§ **Directions**: Give back the full listing exactly, setting the pictures aside.

(Collected material)

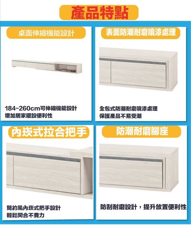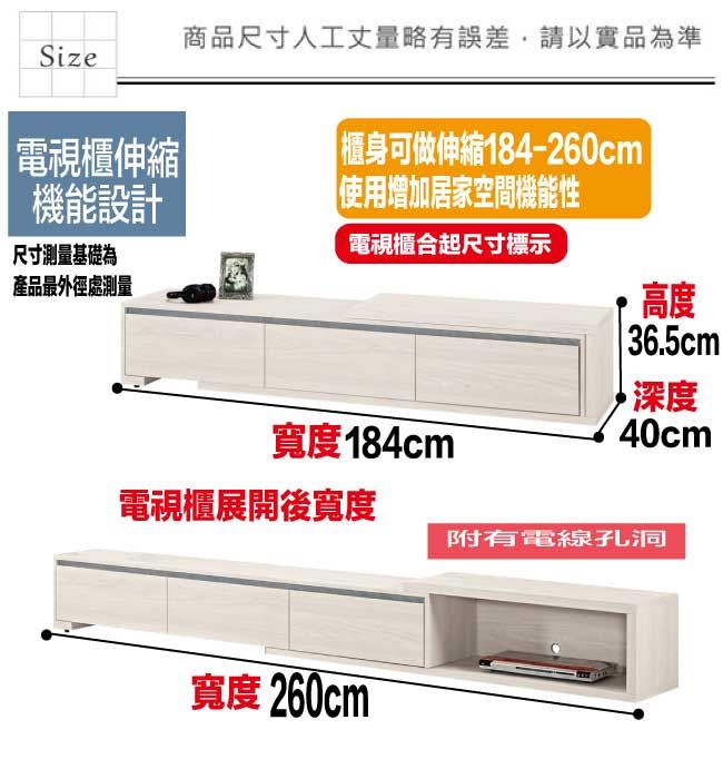 材質 | ◆產品名稱:【綠家居】安迪爾6.1尺伸縮機能三抽電視櫃 尺寸:(寬)184-260x(深)40(高)36.5/公分 ◆材質: 材質:防蛀木心板+防潮耐磨腳座+五金滑軌結構 表面防潮耐磨噴漆處理 |
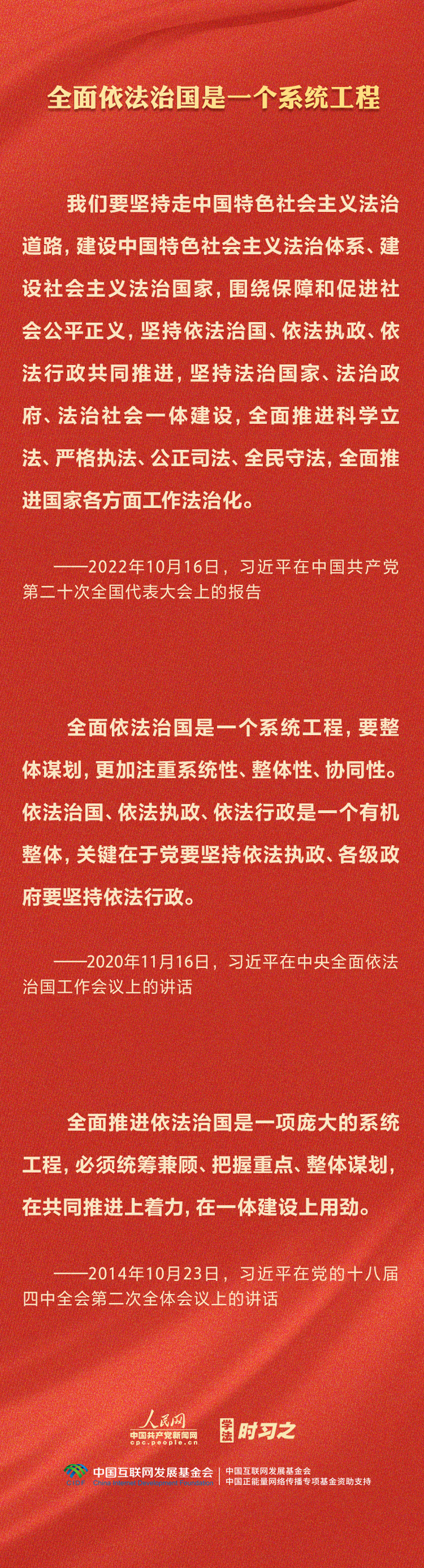 今年是貫徹落實黨的二十大精神的開局之年。中共中央政治局決定從今年4月開始,在全黨自上而下開展學習貫徹習近平新時代中國特色社會主義思想主題教育。習近平法治思想是習近平新時代中國特色社會主義思想的重要組成部分,人民網·中國共產黨新聞網推出學法時習之·學習習近平法治思想系列策劃,本篇聚焦“堅持依法治國、依法執政、依法行政共同推進,法治國家、法治政府、法治社會一體建設”。
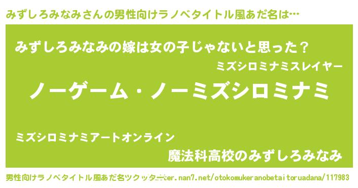 | ヒーロー風カッコイイあだ名 | 『慈愛の使者みずしろみなみ』 |
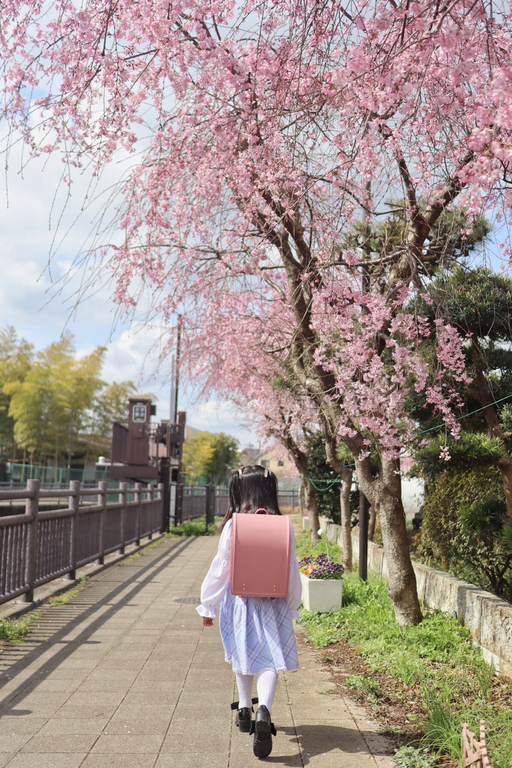 桜とランドセルのセルフ記念撮影をしてきたので、思い出として載せたいと思います。

(End Collected material)

§ **Response to the task**:
 材質 | ◆產品名稱:【綠家居】安迪爾6.1尺伸縮機能三抽電視櫃 尺寸:(寬)184-260x(深)40(高)36.5/公分 ◆材質: 材質:防蛀木心板+防潮耐磨腳座+五金滑軌結構 表面防潮耐磨噴漆處理 |
 今年是貫徹落實黨的二十大精神的開局之年。中共中央政治局決定從今年4月開始,在全黨自上而下開展學習貫徹習近平新時代中國特色社會主義思想主題教育。習近平法治思想是習近平新時代中國特色社會主義思想的重要組成部分,人民網·中國共產黨新聞網推出學法時習之·學習習近平法治思想系列策劃,本篇聚焦“堅持依法治國、依法執政、依法行政共同推進,法治國家、法治政府、法治社會一體建設”。
 | ヒーロー風カッコイイあだ名 | 『慈愛の使者みずしろみなみ』 |
 桜とランドセルのセルフ記念撮影をしてきたので、思い出として載せたいと思います。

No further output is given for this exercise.